# [Aim of the task]
Repeat, exactly as written, the lines from the one with "We can produce" to the final line of the listing, and keep every picture out.

# [Supplied information]
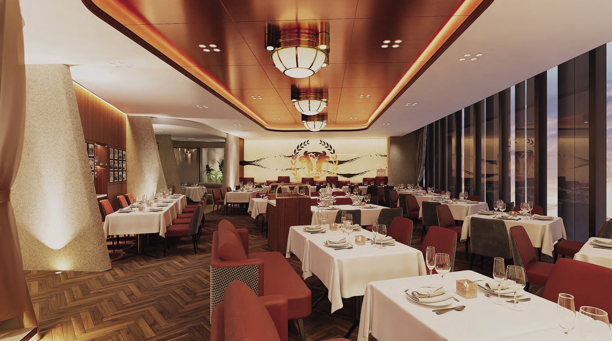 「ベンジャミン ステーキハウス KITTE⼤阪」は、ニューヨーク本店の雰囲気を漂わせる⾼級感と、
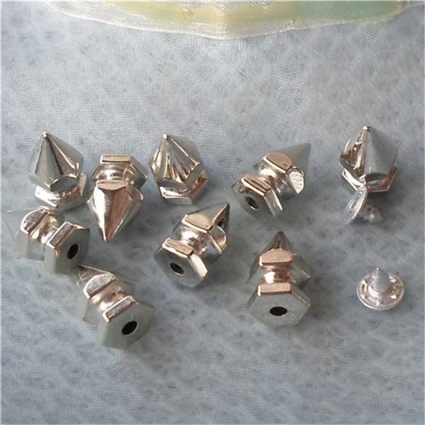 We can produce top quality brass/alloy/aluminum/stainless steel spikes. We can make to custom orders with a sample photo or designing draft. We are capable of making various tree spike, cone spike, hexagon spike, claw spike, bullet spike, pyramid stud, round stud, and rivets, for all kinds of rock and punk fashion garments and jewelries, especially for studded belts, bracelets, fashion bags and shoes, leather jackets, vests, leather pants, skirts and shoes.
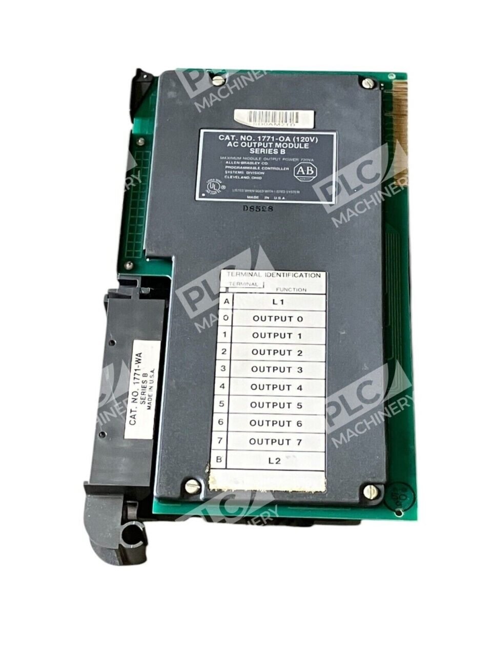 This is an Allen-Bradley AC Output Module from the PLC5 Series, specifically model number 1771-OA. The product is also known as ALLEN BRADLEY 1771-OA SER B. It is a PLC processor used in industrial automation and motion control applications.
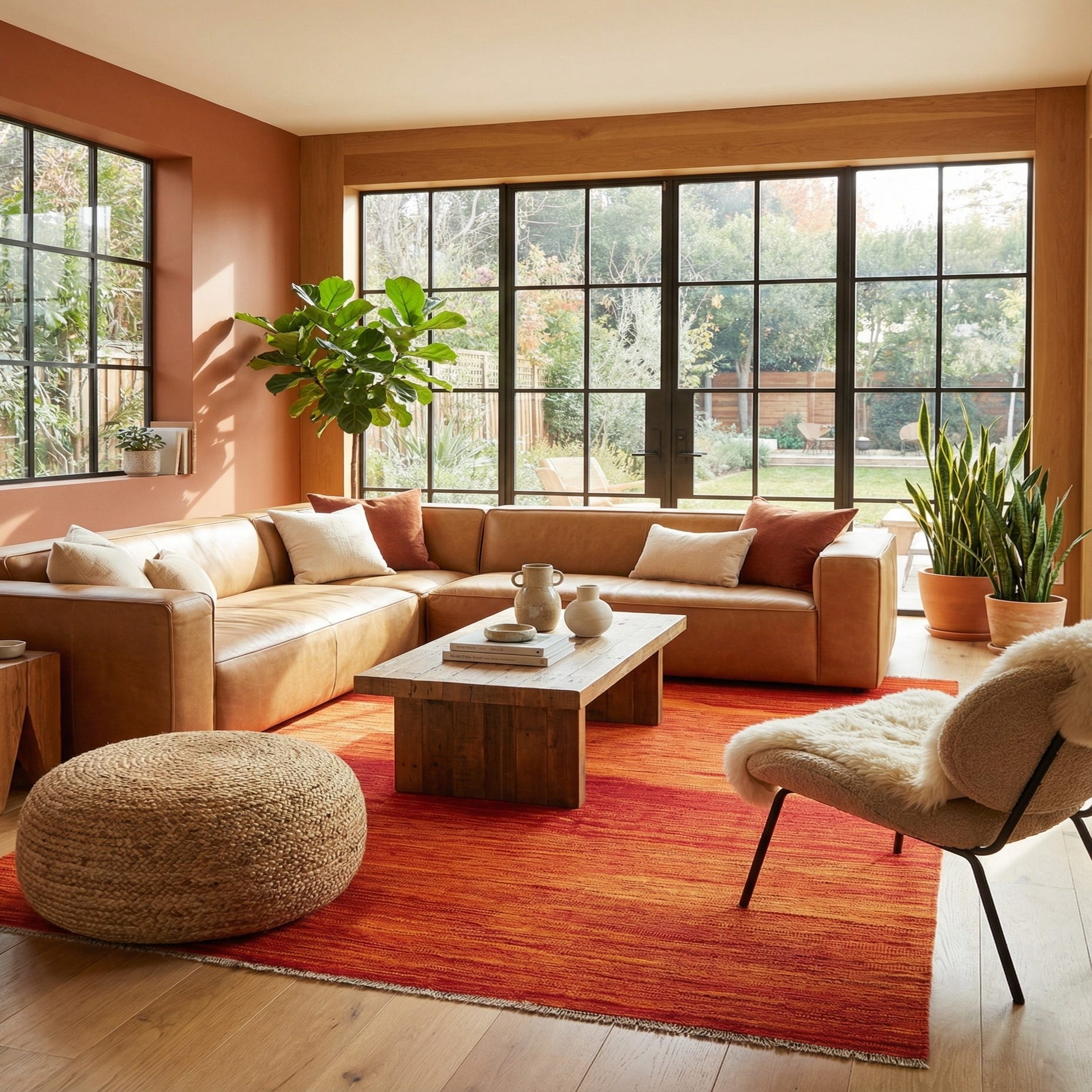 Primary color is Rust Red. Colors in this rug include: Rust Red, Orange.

# [Solved problem]
 We can produce top quality brass/alloy/aluminum/stainless steel spikes. We can make to custom orders with a sample photo or designing draft. We are capable of making various tree spike, cone spike, hexagon spike, claw spike, bullet spike, pyramid stud, round stud, and rivets, for all kinds of rock and punk fashion garments and jewelries, especially for studded belts, bracelets, fashion bags and shoes, leather jackets, vests, leather pants, skirts and shoes.
 This is an Allen-Bradley AC Output Module from the PLC5 Series, specifically model number 1771-OA. The product is also known as ALLEN BRADLEY 1771-OA SER B. It is a PLC processor used in industrial automation and motion control applications.
 Primary color is Rust Red. Colors in this rug include: Rust Red, Orange.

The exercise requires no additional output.